- Born: Robert Harold Brooks October 8, 1915 Sadieville, Kentucky, U.S.
- Died: December 8, 1941 (aged 26) Clark Field, Philippines
- Buried: Manila American Cemetery
- Allegiance: United States
- Branch: US Army
- Service years: –1941
- Rank: Private first class (posthumous)
- Unit: 192nd Tank Battalion
- Conflicts: World War II †
- Awards: Purple Heart

= Robert H. Brooks (soldier) =

United States Army soldier

Robert Harold Brooks (October 8, 1915 – December 8, 1941) was a United States Army soldier. He was the first Army Armored Branch casualty of World War II, being killed on the island of Luzon within hours of the Japanese surprise attack against the United States.

==Biography==
Brooks was born in Sadieville, Kentucky on October 8, 1915, to a family of African-American sharecroppers. (Note: Several sources state that Brooks was born in Sadieville.
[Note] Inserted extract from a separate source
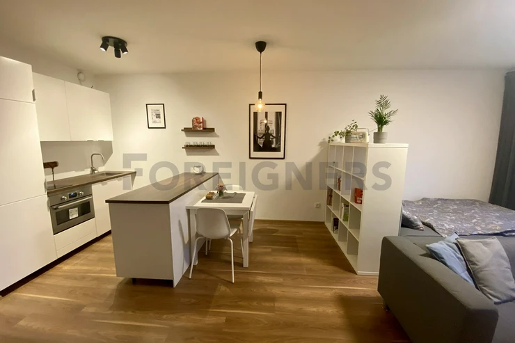This beautiful and tastefuly modern furnished 1-bedroom apartment is perfect for someone who would like to live close to the city center with just few mins distance from walking along the river Labe.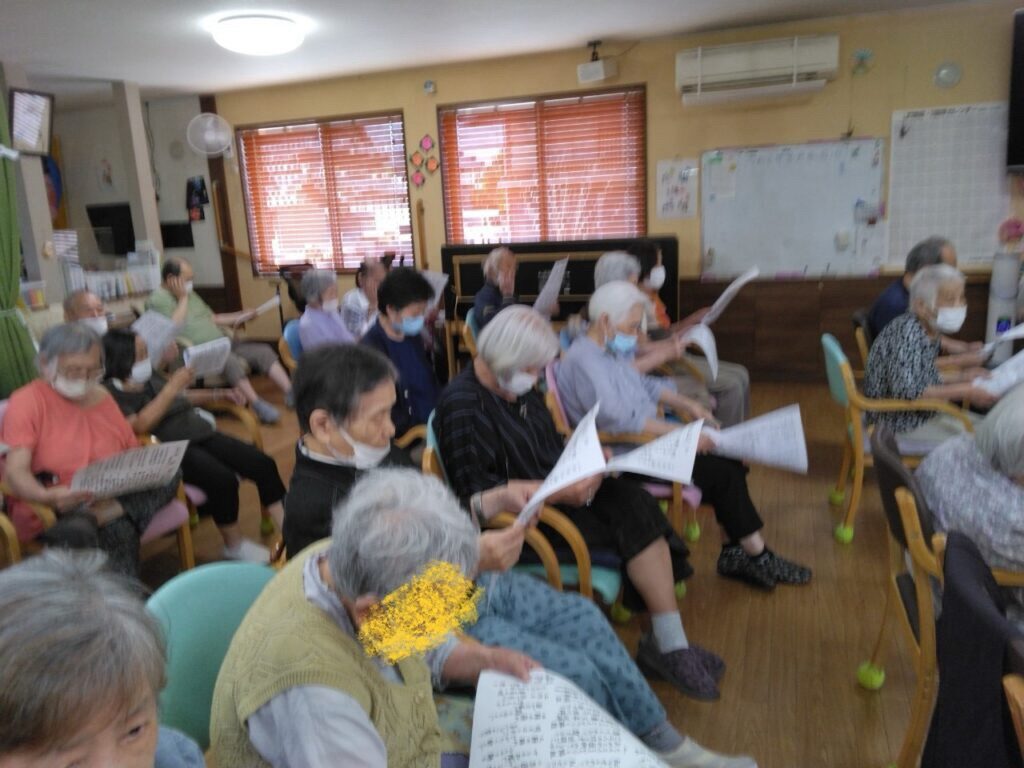 歌詞カードを見ながら懐かしい童謡と歌謡曲を歌いました✨

However, WTVQ-DT says that he was born in MacFarland and grew up in Sadieville.) He worked as a sales clerk in adulthood, moving to Hamilton, Ohio. In the early 1940s, Brooks joined the army from Hamilton as a private. (Note: Sources differ as to when and how Brooks joined the army. The Kentucky African American Encyclopedia says that he enlisted on March 15, 1941, while WTVQ-DT and The Advocate-Messenger write that he was drafted or enlisted in 1940.) He was trained at Fort Knox and qualified as a half-track and tank driver, but was assigned to maintenance following specialized instruction. As a light-skinned Black man, he was officially classified as White, allowing him to join the all-White D Company, 192nd Tank Battalion, known as the Harrodsburg Tankers after the Kentucky town they were stationed in as a National Guard unit. After basic training, the unit conducted exercises at Camp Polk in Louisiana. They traveled through San Francisco and Honolulu to the Philippines, arriving in December 1941.

On December 8, 1941, at 12:45 p.m., Brooks's unit was stationed at Clark Field on Luzon. Most of the soldiers were at lunch, although Brooks and other mechanics were working. At that time, Japanese aircraft began strafing and bombing the airfield. Other soldiers saw Brooks running towards his half-track, apparently to use its .50-caliber machine gun to shoot at the planes. A bomb struck nearby, killing him instantly.

==Aftermath==
When Fort Knox's commander, Major General Jacob L. Devers, learned of Brooks's death, he decided to name the fort's main parade ground after Brooks. When an aide informed Devers that Brooks was African-American, the first time that the army had learned his racial identity, Devers replied, "It did not matter whether or not Robert was black, what mattered was that he had given his life for his country." On December 23, 1941, six generals and eighty other officers, along with Brooks's parents, commemorated him during the naming ceremony. Prayers were offered, and "Taps" was played.

In 1942, a Central High School teacher wrote a song memorializing Brooks. It was published by W. C. Handy Brothers Music Company.

After the war, Brooks's remains were moved to the Manila American Cemetery, where they were re-interred. He was posthumously promoted to private first class and awarded the Purple Heart. He is honored in his hometown, Sadieville, with a historical marker.